This format allows to obtain a PSSM from a list of (supposedly
pre-aligned) sites. These sites can themselves have been
collected by scanning sequences with a matrix (matrix-scan) or
by searching string-based patterns in a sequence
(dna-pattern).
Converting features to matrices can for example be useful for
iterative refinment of a matrix (colecting sites from a
matrix, and building a matrix from those sites).
Another application is to detect oligomers or dyads in a
sequence set, and build a matrix from these.
clustal (input)
The popular multiple alignemnt program clustalw.

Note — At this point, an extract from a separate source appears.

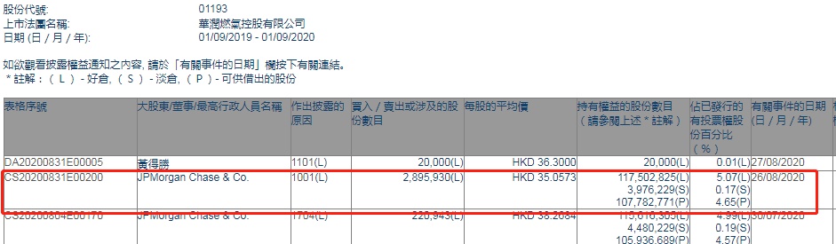 智通财经APP获悉,香港联交所最新资料显示,8月26日,摩根大通增持华润燃气(01193)289.593万股,每股作价35.0573港元,总金额约为1.02亿港元。增持后最新持股数目为1.18亿股,最新持股比例为5.07%。

RETURN FIELDS FOR THE TAB-DELIMITED OUTPUT FORMAT
- counts
-
Each cell of the matrix indicates the number of occurrences of the
residue at a given position of the alignment.
- profile
-
The matrix is printed vertically (each matrix column becomes a row in
the output text). Additional parameters (consensus, information) are
indicated besides each position, and a histogram is drawed.
- crude frequencies
-
Relative frequencies are calculated as the counts of residues divided
by the total count of the column.
-
Fij=Cij/SUMi(Cij)
-
where
- Cij
-
is the absolute frequency (counts) of residue i at position j of the alignment
- Fij
-
is the relative frequency of residue i at position j of the alignment
- frequencies corrected with pseudo-weights
-
Relative frequencies can be corrected by a pseudo-weight (b) to reduce
the bias due to the small number of observations.
-
F''ij=Cij+b*Pi/[SUMi(Cij)+b]
-
where
- Pi
-
is the prior frequency for residue i
- b
-
is the pseudo-weight, which is ``shared'' between residues according to
their prior frequencies.
- weights
-
Weights are calculated according to the formula from Hertz (1999), as
the natural logarithm of the ratio between the relative frequency
(corrected for pseudo-weights) and the prior residue probability.
-
Wij=ln(F''ij/Pi)
- information
-
The crude information content is calculated according to the formula
from Hertz (1999).
-
Iij = Fij*ln(Fij/Pi)
-
In addition, we calculate a ``corrected'' information content which
takes pseudo-weights into account.
-
I''ij = F''ij*ln(F''ij/Pi)
- P-value
-
The P-value indicates the probability to observe at least Cij
occurrences of a residue at a given position of the matrix. It is
calculated with the binomial formula:
-
k=C.j C.j! k Cij-k
Pij= SUM ---------- Pi (1-Pi)
k=Cij k!(C.j-k)!
-
where
- Cij
-
is the number of occurrences of residue i at position j of
the matrix.
- C.j
-
is the sum of all residue occurrences at position j of the
matrix.
- Pi
-
is the prior probability of residue i.
- parameters
-
Returns a series of parameters associated to the matrix. The list of
parameters to be exported depends on the input formats (each pattern
discovery program returns specific parameters, which are more or less
related to each others but not identical).
-
Some additional parameters are optionally calculated
- consensus
-
The degenerate consensus is calculated by collecting, at each
position, the list of residues with a positive weight. Contrarily to
most applications, this consensus is thus weighted by prior residue
frequencies: a residue with a high frequency might not be represented
in the consensus if this frequency does not significantly exceed the
expected frequency. Uppercases are used to highlight weights >= 1.
-
The consensus is exported as regular expression, and with the IUPAC
code for ambiguous nucleotides (http://www.chem.qmw.ac.uk/iupac/misc/naseq.html).
-
A (Adenine)
C (Cytosine)
G (Guanine)
T (Thymine)
R = A or G (puRines)
Y = C or T (pYrimidines)
W = A or T (Weak hydrogen bonding)
S = G or C (Strong hydrogen bonding)
M = A or C (aMino group at common position)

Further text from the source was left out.